乙4では「引火点」と「沸点」を混同した選択肢がよく出ます。どちらも温度に関する用語ですが、意味と危険性の評価軸は別です。ここでは試験で迷わないように違いを整理します。
引火点とは
引火点は、可燃性液体の蒸気に点火源を近づけたとき、着火する最低温度です。火源が必要である点が重要です。
沸点とは
沸点は、液体が沸騰し始める温度です。相変化(液体→気体)の指標であり、着火の有無とは直接同義ではありません。
何が違うのか
- 引火点: 着火しやすさの目安
- 沸点: 蒸発・気化挙動の目安
試験では、引火点が低い物質ほど火災リスクが高いという理解が頻出です。
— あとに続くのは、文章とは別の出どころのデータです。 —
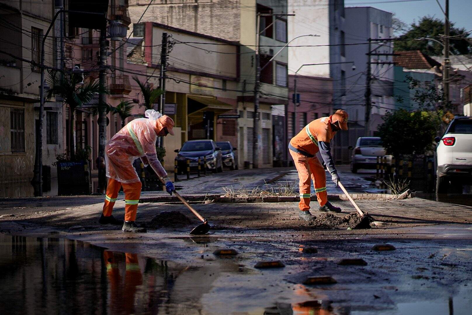 O Departamento Municipal de Limpeza Urbana (DMLU) iniciou nesta quarta-feira (15) os trabalhos de limpeza nas partes secas dos bairros Cidade Baixa e Menino Deus em Porto Alegre.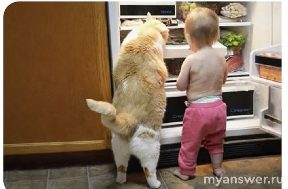 Но и конечно подобные явления происходят у любителей животных, в семьях которых проживают такие питомцы как собаки и кошки (они тоже умные и сообразительные, и способны не только открывать холодильник, но и после ещё и закрыть его, как бы заметая следы).

沸点は蒸気発生量や取り扱い条件の判断に関わります。
ひっかけ対策
- 「自然に燃える温度」は発火点
- 「火を近づけて燃える最低温度」は引火点
- 「沸騰開始温度」は沸点
この3語をセットで区別できるようにしておくと、選択肢の切り分けが速くなります。
覚え方のコツ
- 引火点: 引火(火を引き寄せる)に必要な温度
- 沸点: 沸く(気泡が出る)温度
語感と現象を結び付けると、暗記依存を減らせます。
まとめ
- 引火点は火災リスクの直接指標
- 沸点は物理的な状態変化の指標
- 発火点と合わせて3点整理が有効
温度用語の区別は、乙4の基礎得点を安定させる重要ポイントです。